Foto: Benjamin Westhoff

Eva-Maria Berges kniet vor dem ehemaligen Haus einer deportierten Bonner Familie. Anna Levys Name steht auf einem von fünf Stolpersteinen. Sie war eines von mehreren Millionen Opfern des Holocausts. „Die Frau ist vielleicht eine Oma gewesen. Hier steht, dass sie gedemütigt wurde. Die Menschen haben hier ihre Rechte verloren“, erzählt sie am Freitag einer Gruppe von Jugendlichen, die ihr gebannt zuhören. Es sind Schülerinnen und Schüler der Abschlussklassen 10a und 10c der St. Hedwig-Hauptschule in Bonn. Sie putzen am Freitag Stolpersteine in Bonn. Es ist Teil eines digitalen Pfades zur Aufarbeitung der Nazi-Verbrechen. Berges ist mit bemerkenswerter Leidenschaft bei der Sache.

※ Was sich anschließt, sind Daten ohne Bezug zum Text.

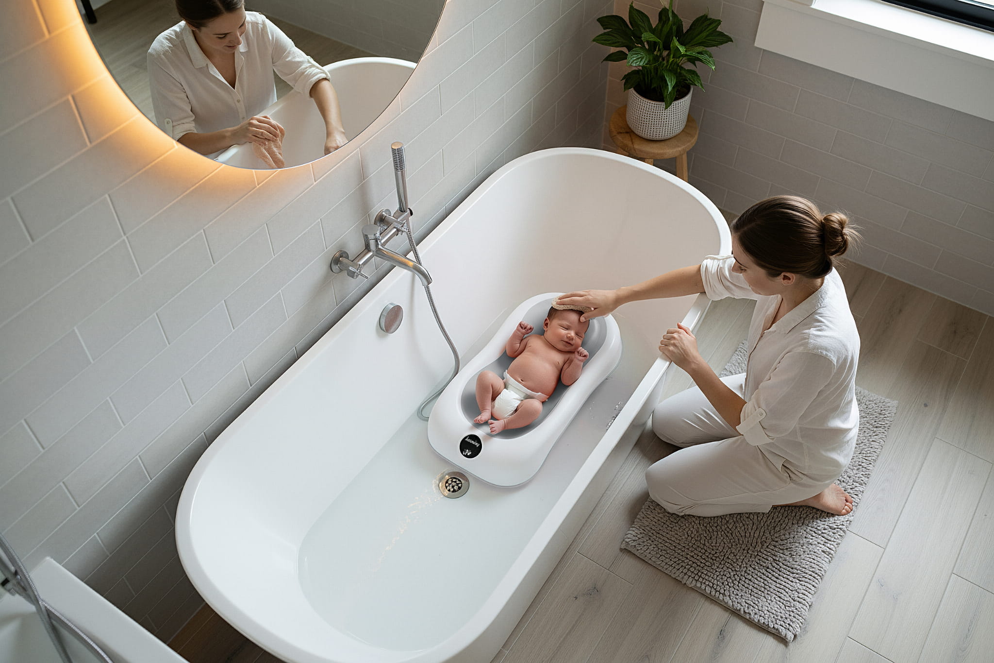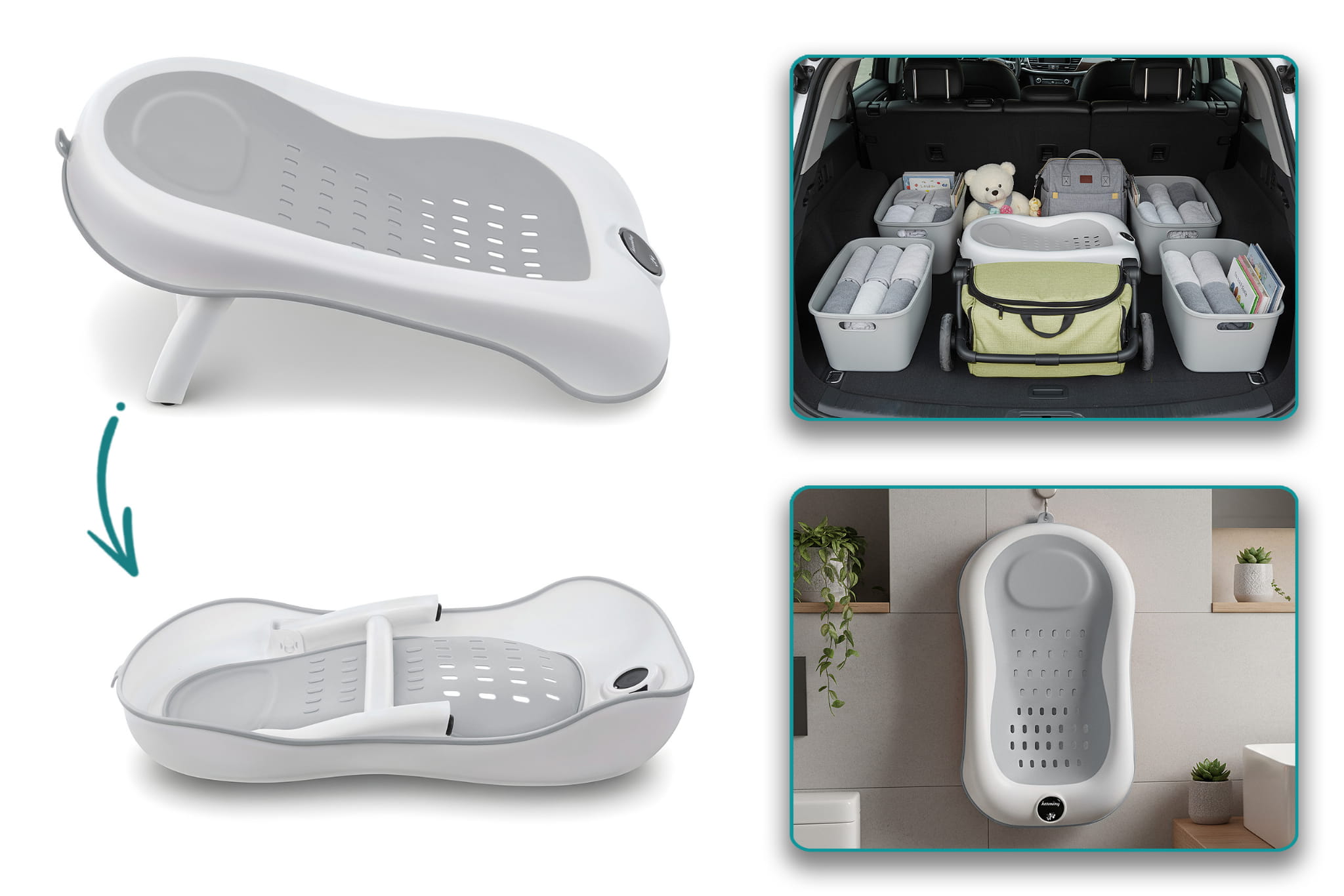 - Po zakończeniu kąpieli leżaczek można łatwo złożyć – zajmuje bardzo mało miejsca, co sprawia, że idealnie sprawdza się w małych łazienkach oraz w podróży.

Gleichzeitig bleibt sie auf Augenhöhe mit den Schülerinnen und Schülern, wählt einfache, klare Worte. Die Zehntklässler sind mit Konzentration und Spannung bei der Sache. Berges und ihre Kollegin Julia Braun schließen eine fächerübergreifende Unterrichtsreihe ab. Die Aktion am Freitag ist eine praktische Aktion. Die ist nötig, um das Thema greifbar für die Jugendlichen der Anschlussförderklassen zu machen.

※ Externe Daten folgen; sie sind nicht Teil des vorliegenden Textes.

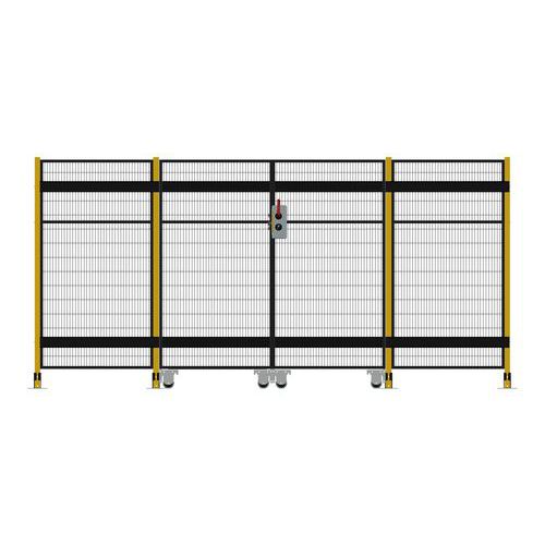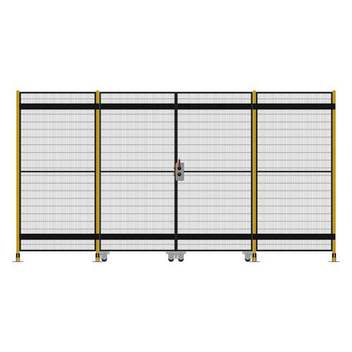 Kompletné dvojkrídlové posuvné dvere s cylindrickým zámkom pre systém ochranného oplotenia.

Aktion schafft Bewusstsein für Stolpersteine bei Schülern

Nicht wenige Schüler waren selbst in Berührung mit Krieg und Flucht, kommen ursprünglich aus Syrien, dem Irak oder Iran. So zum Beispiel Hevy, Katalina und Walid. Sie sind 2015 und 2017 nach Deutschland geflohen. Die Aktion finden sie schön. „Es ist komisch, vor dem Haus dieser ermordeten Familie zu stehen. Man kriegt Gänsehaut bei dem Gedanken, dass hier jemand gelebt hat“, kommentiert Walid das Haus hinter Levys Stolperstein. Youness, ein anderer Zehntklässler, wurde durch die Aktion erst auf die Stolpersteine aufmerksam, er kannte sie vorher nicht. „Ich finde, das ist ein schönes und wichtiges Andenken“, sagt er.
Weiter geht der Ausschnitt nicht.